> _EXERCISE DIRECTIONS_
Every line of the data below should be repeated exactly, and no picture should be copied.

> _DATA EXCERPT_
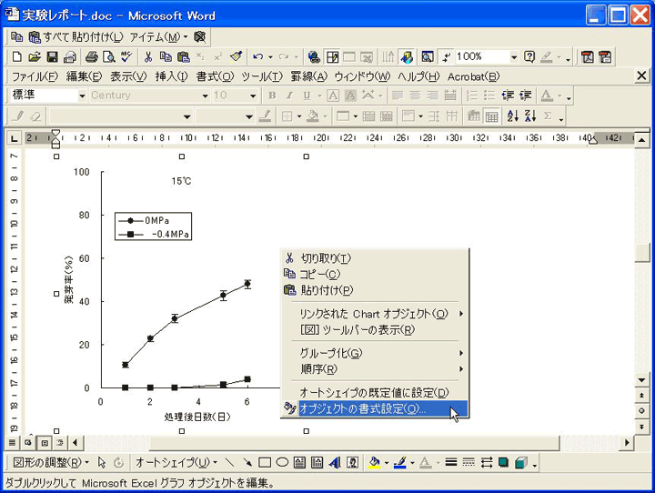 コピーされたグラフを選択したら、マウスの右ボタンをクリックし、「オブジェクトの書式設定」をクリックしてください。
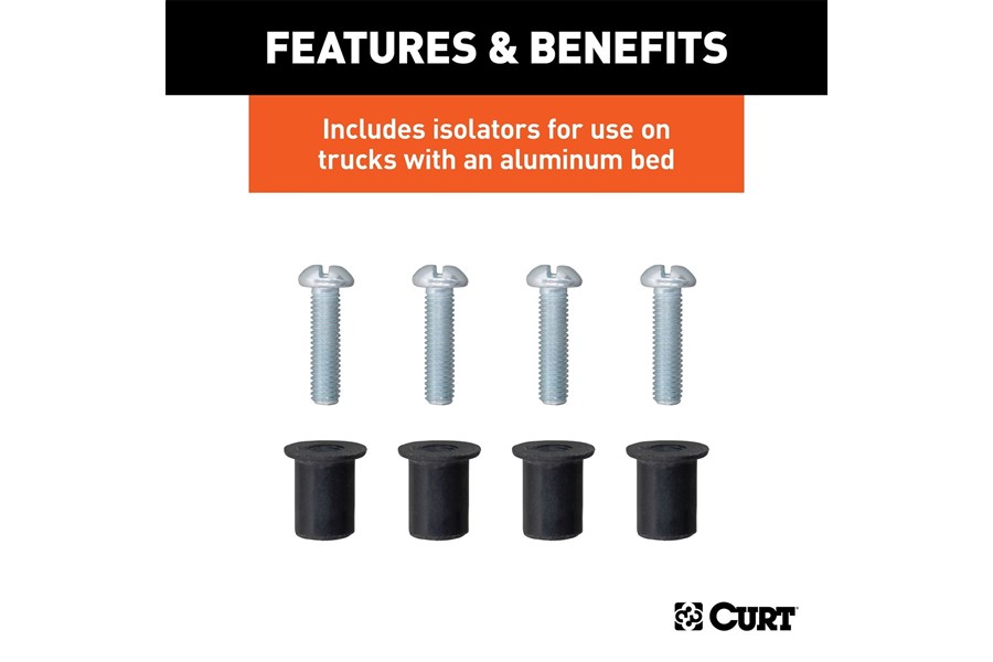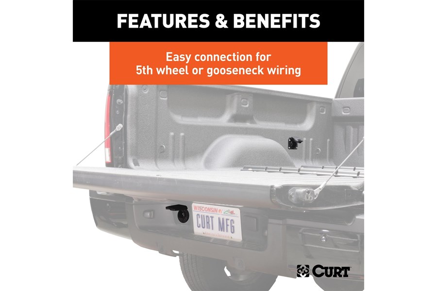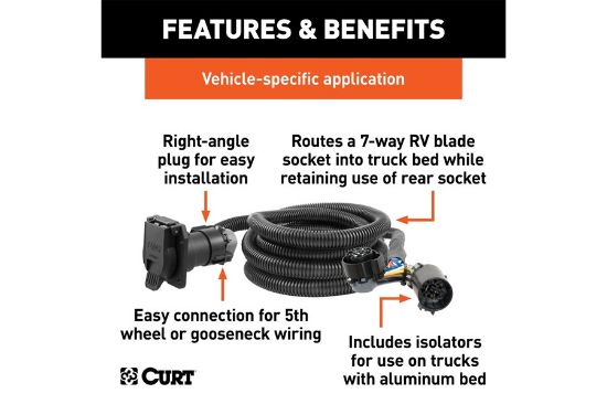 There is nothing like the luxury and power that go along with heavy-duty towing. 5th wheel RVs offer a deluxe, home-away-from-home experience unlike any other, while gooseneck trailers possess a strength that far surpasses most other trailer options. As with any trailer, however, 5th wheels and goosenecks must be equipped with the proper lighting and electrical systems, and tend to require even more complex connectors than a standard receiver-type trailer setup. Make things simple with a CURT 5th wheel / gooseneck extension harness. These wiring harnesses are designed to put an extra connector socket in the bed of your pickup truck while still retaining power to the rear connector socket mounted on your bumper. This is done by plugging into the back of the existing original equipment (OEM) harness and routing through the body of the truck to a hole in the truck bed, providing a connector that is ready to accommodate your 5th wheel or gooseneck trailer. This CURT extension harness is designed to work with 7-way RV blade connectors and comes in a length of 10'. It is compatible with certain years of the Ford F-150, F-250 Super Duty and F-350 Super Duty (see application to verify fitment). For trucks with an aluminum body, galvanic corrosion can become a problem when installing vehicle-to-trailer wiring without the appropriate protection. This kit includes isolators that allow you to install the wiring harness extension in an aluminum truck bed without having to worry about ruining the truck's finish. It includes four bolts for secure mounting and four plastic well nuts to isolate the fasteners from all aluminum surfaces.
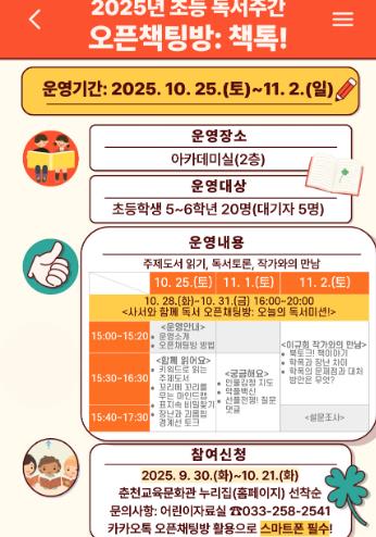 [뉴스스텝] 춘천교육문화관은 책 읽기 좋은 계절인 가을을 맞아 오는 10월 25일, 10월 28일부터 11월 2일까지 초등학생 5~6학년 학생 20명을 대상으로 초등 독서주간 ‘오픈책팅방 책톡!’을 운영한다.
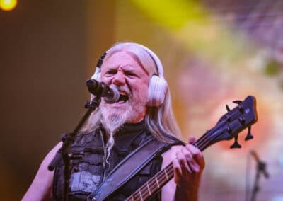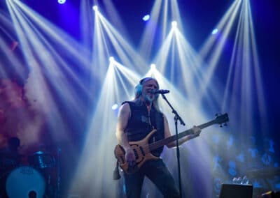Marko továbbfejlesztette a fülmonitort: egy nagy fehér fejhallgatóval a fején jelent meg a színpadon – persze nem tudom, hogy mi szólt benne, egyáltalán szólt-e valami, de valószínűsítem, hogy az a fülmonitorja… Gyönyörű, különleges formájú basszusgitárja csodásan szólt. A frontember szokás szerint se cipőt, se zoknit nem viselt a fellépésen.

> _OUTPUT OF THE TASK_
 コピーされたグラフを選択したら、マウスの右ボタンをクリックし、「オブジェクトの書式設定」をクリックしてください。
 There is nothing like the luxury and power that go along with heavy-duty towing. 5th wheel RVs offer a deluxe, home-away-from-home experience unlike any other, while gooseneck trailers possess a strength that far surpasses most other trailer options. As with any trailer, however, 5th wheels and goosenecks must be equipped with the proper lighting and electrical systems, and tend to require even more complex connectors than a standard receiver-type trailer setup. Make things simple with a CURT 5th wheel / gooseneck extension harness. These wiring harnesses are designed to put an extra connector socket in the bed of your pickup truck while still retaining power to the rear connector socket mounted on your bumper. This is done by plugging into the back of the existing original equipment (OEM) harness and routing through the body of the truck to a hole in the truck bed, providing a connector that is ready to accommodate your 5th wheel or gooseneck trailer. This CURT extension harness is designed to work with 7-way RV blade connectors and comes in a length of 10'. It is compatible with certain years of the Ford F-150, F-250 Super Duty and F-350 Super Duty (see application to verify fitment). For trucks with an aluminum body, galvanic corrosion can become a problem when installing vehicle-to-trailer wiring without the appropriate protection. This kit includes isolators that allow you to install the wiring harness extension in an aluminum truck bed without having to worry about ruining the truck's finish. It includes four bolts for secure mounting and four plastic well nuts to isolate the fasteners from all aluminum surfaces.
 [뉴스스텝] 춘천교육문화관은 책 읽기 좋은 계절인 가을을 맞아 오는 10월 25일, 10월 28일부터 11월 2일까지 초등학생 5~6학년 학생 20명을 대상으로 초등 독서주간 ‘오픈책팅방 책톡!’을 운영한다.
Marko továbbfejlesztette a fülmonitort: egy nagy fehér fejhallgatóval a fején jelent meg a színpadon – persze nem tudom, hogy mi szólt benne, egyáltalán szólt-e valami, de valószínűsítem, hogy az a fülmonitorja… Gyönyörű, különleges formájú basszusgitárja csodásan szólt. A frontember szokás szerint se cipőt, se zoknit nem viselt a fellépésen.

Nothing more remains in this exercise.